TASK DESCRIPTION | In the copy you make, include no pictures, and transcribe every record exactly.

==========

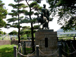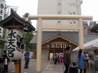 回向院から少し離れた堅川の向こう側にある江島杉山神社に向かいます。住宅地の中にある神社に着くと、江戸時代に鍼灸治療の教育施設を造った杉山検校(杉山和一)が祭られていて、世界最古の障害者教育の場とのことです。今年は生誕400年にあたり、本殿で宝物を公開していて、徳川家から賜った葵の紋入り掛軸や平家琵琶、木像の本尊が公開されていました。
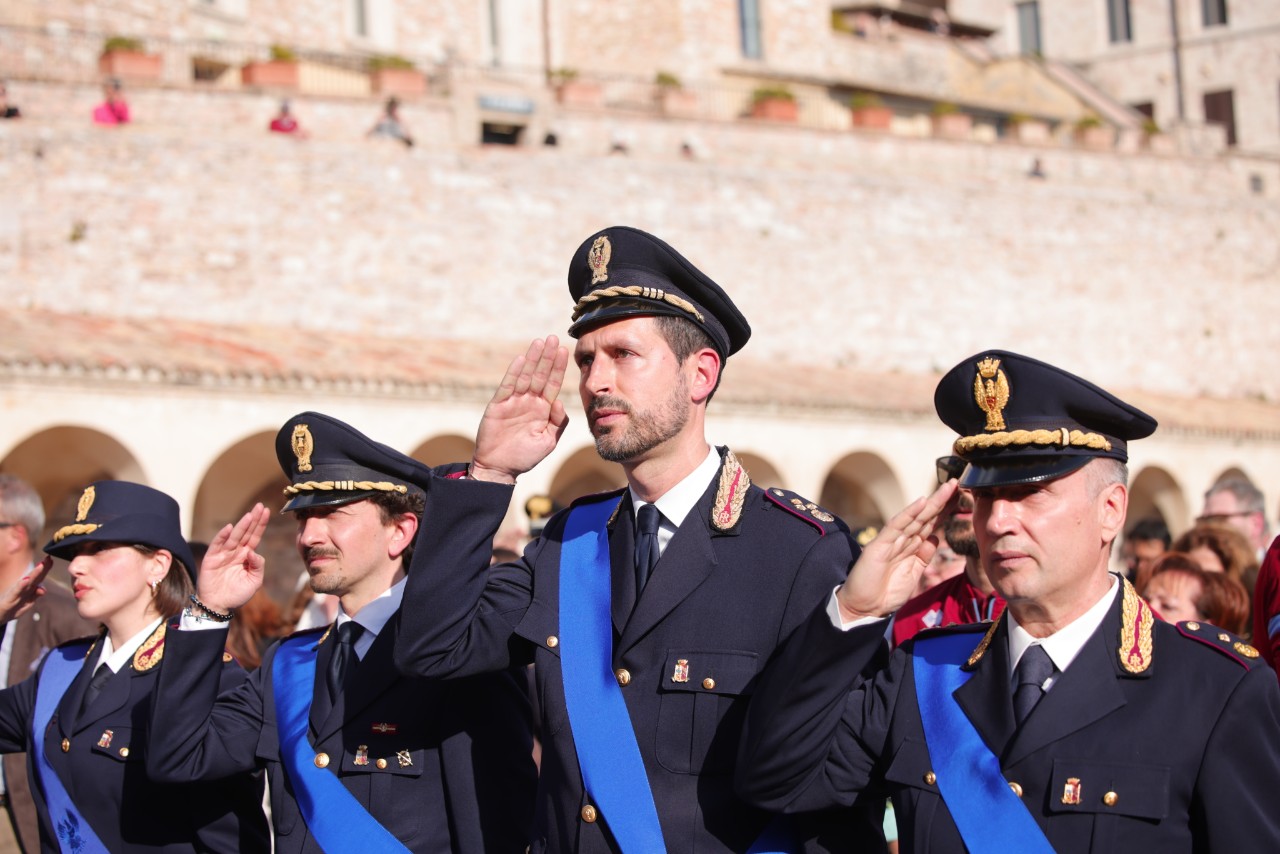 Ieri è stato il gran giorno, anche in Umbria, della festa della Polizia di Stato per i suoi 173 anni di impegno e dedizione al servizio del Paese: dopo la cerimonia a Perugia, grande festa ad Assisi, nella piazza inferiore di San Francesco – alla presenza tra gli altri del Capo della Polizia e Direttore Generale della Pubblica Sicurezza, Prefetto Vittorio Pisani: “La sicurezza è un bene pubblico che va garantito alla comunità, senza distinzione alcuna di razza, religione, etnia o lingua, ed è il presupposto per garantire il pacifico esercizio dei diritti e delle libertà fondamentali, perché ogni essere umano ha diritto alla sicurezza della propria persona. La Polizia di Stato deve continuare ad avere la capacità di porre al centro l’uomo ed accanto a lui il poliziotto, affinché la costante vicinanza possa contrastare quello smarrimento e isolamento che queste nuove minacce portano in sé”, un passaggio del suo discorso.
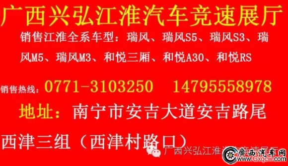 【活動(dòng)地址】:南寧興弘江淮4S店(廣西省南寧市秀廂大道35號 恒大新城對面)/ 南寧安吉大道35-1號/安吉大道西津村路口
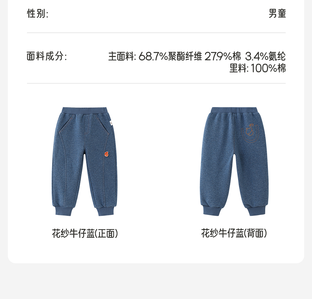 【商场同款】英氏儿童长裤男童秋冬外裤舒适保暖休闲新款收脚裤
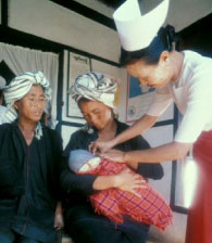 テット・モンちゃんはようやく1歳になりました。保健員さんにほっぺをつままれ、泣き出してしまいました。何をされるの?という表情でぶるぶると震えています。 その瞬間、保健員さんが、テット・モンちゃんの口の中にビタミンAをポトリ。テット・モンちゃんは泣き止みました。顔中笑顔でくちゃくちゃにして、手を鳴らしているではないですか。 お母さんも笑顔でいっぱいです。子どもの笑顔が嬉しくて、そして、子どもが健康に育つことを確認して、お母さんの顔もくちゃくちゃです。
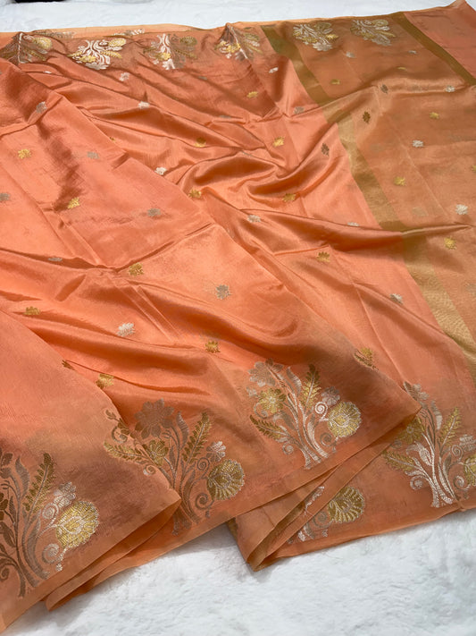Peach shade Raw mango soft silk banarasi saree
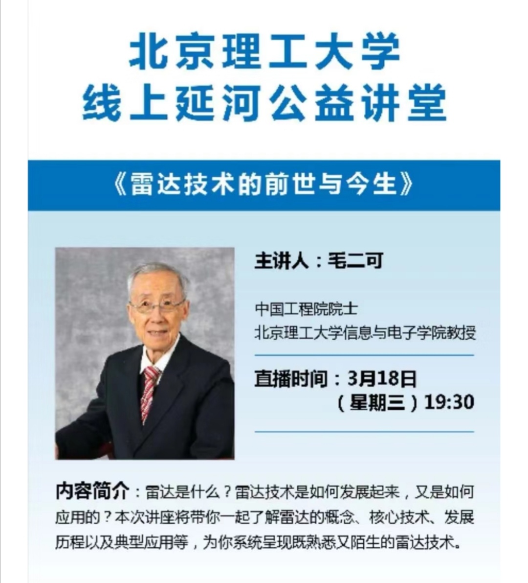 同时,毛二可院士作为“北京成人头条线上延河公益讲堂”主讲人,借助Bilibili网站、抖音等平台开展线上直播讲座《雷达技术的前世与今生》。讲座当时仅Bilibili网站平台就达到了6.8万人观看学习。毛二可院士践行了一名人民教师和共产党员的初心和使命,以实际行动支持“抗疫”胜利的到来!
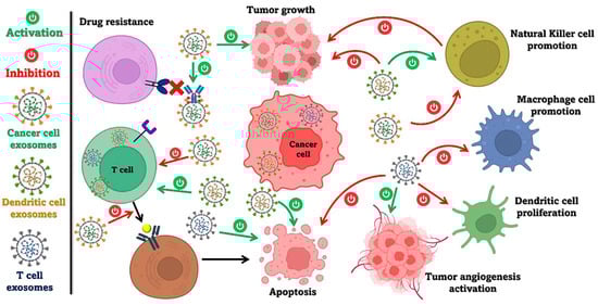 Exosomes serve as a natural transporter of a wide array of bioactive compounds derived from donor cells, involving lipids, proteins, and different types of RNAs such as long non-coding RNAs (lncRNA), microRNAs, inhibitors, and antibodies []. Exosomes can transmit these molecules to nearby as well as distant recipient cells. Consequently, exosomes garnered significant attention as a potential natural carrier of cancer therapies. The impact of exosomes on cancer growth and progression varies depending on their cellular source, influencing the course of the disease. Exosomes secreted by cancer cells are implicated in shaping the pre-metastatic microenvironment, facilitating tumor advancement, immune evasion, anti-apoptotic signaling, angiogenesis, treatment resistance, and various other processes [,,]. In contrast, exosomes originating from normal cells, such as T and B lymphocytes and DCs, play a critical role in preventing tumor progression [,].

==========

PROBLEM SOLUTION |
 回向院から少し離れた堅川の向こう側にある江島杉山神社に向かいます。住宅地の中にある神社に着くと、江戸時代に鍼灸治療の教育施設を造った杉山検校(杉山和一)が祭られていて、世界最古の障害者教育の場とのことです。今年は生誕400年にあたり、本殿で宝物を公開していて、徳川家から賜った葵の紋入り掛軸や平家琵琶、木像の本尊が公開されていました。
 Ieri è stato il gran giorno, anche in Umbria, della festa della Polizia di Stato per i suoi 173 anni di impegno e dedizione al servizio del Paese: dopo la cerimonia a Perugia, grande festa ad Assisi, nella piazza inferiore di San Francesco – alla presenza tra gli altri del Capo della Polizia e Direttore Generale della Pubblica Sicurezza, Prefetto Vittorio Pisani: “La sicurezza è un bene pubblico che va garantito alla comunità, senza distinzione alcuna di razza, religione, etnia o lingua, ed è il presupposto per garantire il pacifico esercizio dei diritti e delle libertà fondamentali, perché ogni essere umano ha diritto alla sicurezza della propria persona. La Polizia di Stato deve continuare ad avere la capacità di porre al centro l’uomo ed accanto a lui il poliziotto, affinché la costante vicinanza possa contrastare quello smarrimento e isolamento che queste nuove minacce portano in sé”, un passaggio del suo discorso.
 【活動(dòng)地址】:南寧興弘江淮4S店(廣西省南寧市秀廂大道35號 恒大新城對面)/ 南寧安吉大道35-1號/安吉大道西津村路口
 【商场同款】英氏儿童长裤男童秋冬外裤舒适保暖休闲新款收脚裤
 テット・モンちゃんはようやく1歳になりました。保健員さんにほっぺをつままれ、泣き出してしまいました。何をされるの?という表情でぶるぶると震えています。 その瞬間、保健員さんが、テット・モンちゃんの口の中にビタミンAをポトリ。テット・モンちゃんは泣き止みました。顔中笑顔でくちゃくちゃにして、手を鳴らしているではないですか。 お母さんも笑顔でいっぱいです。子どもの笑顔が嬉しくて、そして、子どもが健康に育つことを確認して、お母さんの顔もくちゃくちゃです。
Peach shade Raw mango soft silk banarasi saree
 同时,毛二可院士作为“北京成人头条线上延河公益讲堂”主讲人,借助Bilibili网站、抖音等平台开展线上直播讲座《雷达技术的前世与今生》。讲座当时仅Bilibili网站平台就达到了6.8万人观看学习。毛二可院士践行了一名人民教师和共产党员的初心和使命,以实际行动支持“抗疫”胜利的到来!
 Exosomes serve as a natural transporter of a wide array of bioactive compounds derived from donor cells, involving lipids, proteins, and different types of RNAs such as long non-coding RNAs (lncRNA), microRNAs, inhibitors, and antibodies []. Exosomes can transmit these molecules to nearby as well as distant recipient cells. Consequently, exosomes garnered significant attention as a potential natural carrier of cancer therapies. The impact of exosomes on cancer growth and progression varies depending on their cellular source, influencing the course of the disease. Exosomes secreted by cancer cells are implicated in shaping the pre-metastatic microenvironment, facilitating tumor advancement, immune evasion, anti-apoptotic signaling, angiogenesis, treatment resistance, and various other processes [,,]. In contrast, exosomes originating from normal cells, such as T and B lymphocytes and DCs, play a critical role in preventing tumor progression [,].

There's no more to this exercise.